Most refugee entrepreneurship programs offer one or two of these. The Foundation’s bet is that running all three together, in close partnership with operators on the ground, produces compounding effects that any single intervention cannot.

Numbers so far

  • 500+ refugee entrepreneurs trained through the program to date
  • 65% women-led businesses in our initial cohorts
  • 250 refugees in the 8-week training cohort run in 2024
  • Microloans of $500–$1,000 per team disbursed via Challenges Uganda to top performers
  • Active programming across Kampala and Uganda’s refugee settlements (Nakivale and others)

For context, Uganda hosts roughly 1.7 million refugees — the largest refugee population in Africa. Foundation modeling suggests that with the right combination of training, mentorship, and capital, Uganda’s refugee entrepreneurs could create on the order of 150,000 jobs and contribute over $200 million in annual GDP. We treat that figure as a target to organize against, not an outcome we’ve achieved.

What we’ve learned so far

Randomized controlled trials run across our pilots in Ethiopia and Uganda over the past several summers found that mentorship from refugee mentors significantly improves the quality of business ideas — and that the effect is particularly strong for female entrepreneurs, who, when paired with refugee mentors, pursue more novel and less saturated business ideas than peers without that mentorship.
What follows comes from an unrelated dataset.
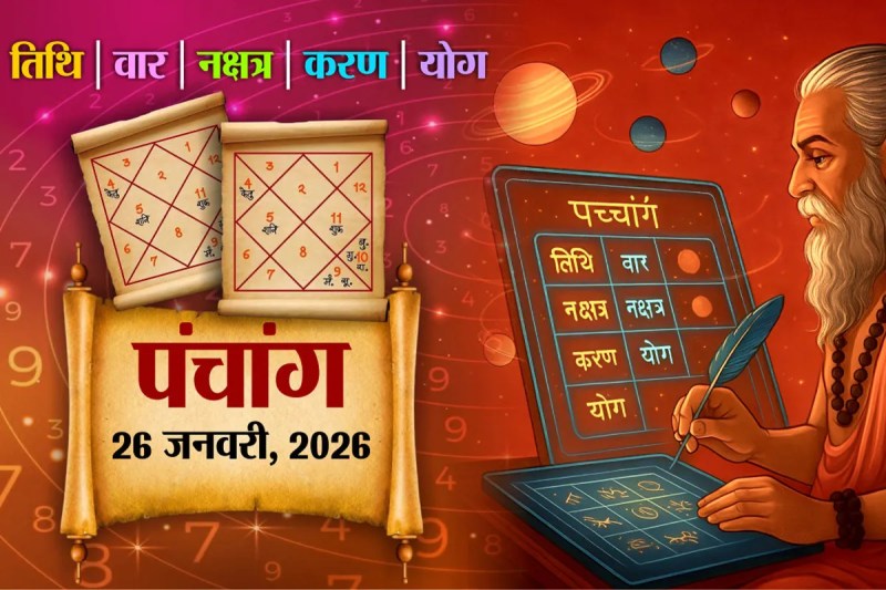 Aaj Ka Panchang 26 January 2026:आज का पंचांग सोमवार, 26 जनवरी 2026 को धार्मिक, ज्योतिषीय और राष्ट्रीय दृष्टि से विशेष महत्व रखता है। इस दिन भीष्माष्टमी, दुर्गाष्टमी और भारतीय गणतंत्र दिवस 9Republic Day) का शुभ संयोग बन रहा है। पंचांग के माध्यम से आप दिन की तिथि, नक्षत्र, योग, करण, शुभ चौघड़िया, राहु काल, दिशा शूल, चंद्र राशि तथा आज जन्मे बच्चों की राशि और नामाक्षर की संपूर्ण जानकारी प्राप्त कर सकते हैं, जिससे दिनभर के कार्य शुभ और सफल बनाए जा सकें। आज का टैरो राशिफल पढ़े
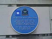 Blue Plaque commemorating the work of William Henry Bragg, featuring the IOP coat of arms

The mechanism appears to be confidence: culturally relatable role models who have navigated the same constraints make it easier for women to commit to ideas outside the saturated low-margin defaults.

Graduates of the program have launched ventures including Voice for Refugees (a media training center now with 100+ active members), Aspire Digital Hub (digital skills training and event management), and Afixyz (an organic food B2B platform whose founder has been invited to share their work with UN agencies). Other alumni businesses include an organic beauty products company now operating across Kenya, Tanzania, and Uganda, and a digital platform connecting landlords with refugees seeking housing.

Where this fits in the sector

We are not running this work in isolation. The integrated training-plus-finance-plus-market-access model the Foundation is piloting in Uganda is in dialogue with the broader global livelihoods sector — particularly BRAC Uganda’s graduation program (the foundational evidence base for combining cash, training, and mentorship for ultra-poor populations), the DREAMS project from Mercy Corps and Village Enterprise (which has been refining how refugee-targeted business support links to local market demand), and Re:Build, run by the IKEA Foundation and the International Rescue Committee (which has established what the funder side of long-term refugee economic inclusion looks like at scale). Our contribution is the rigorous research lens — the RCT methodology, the comparative work across Ethiopia and Uganda, and the focus on which combination of interventions actually moves outcomes for women — that the sector still needs more of.

Why it matters

Uganda’s policy gives refugees the legal right to work, move, and start businesses — but the rest of the system that founders elsewhere take for granted (small loans, working capital, mentor networks, customer access beyond their immediate community) is often missing. The Foundation’s bet is that putting that missing infrastructure in place, in partnership with Ugandan institutions that will still be here when we are not, lets refugee entrepreneurs build the kinds of businesses that produce dignity and long-term stability rather than just survival. The work also informs research at Stanford and MUBS that we hope will help other refugee-hosting countries make smarter bets with their own programs.

Research funding for the Uganda work was provided by the King Center for Global Development at Stanford. The program was developed during Chuck Eesley’s Stanford Impact Labs Faculty Design Fellowship.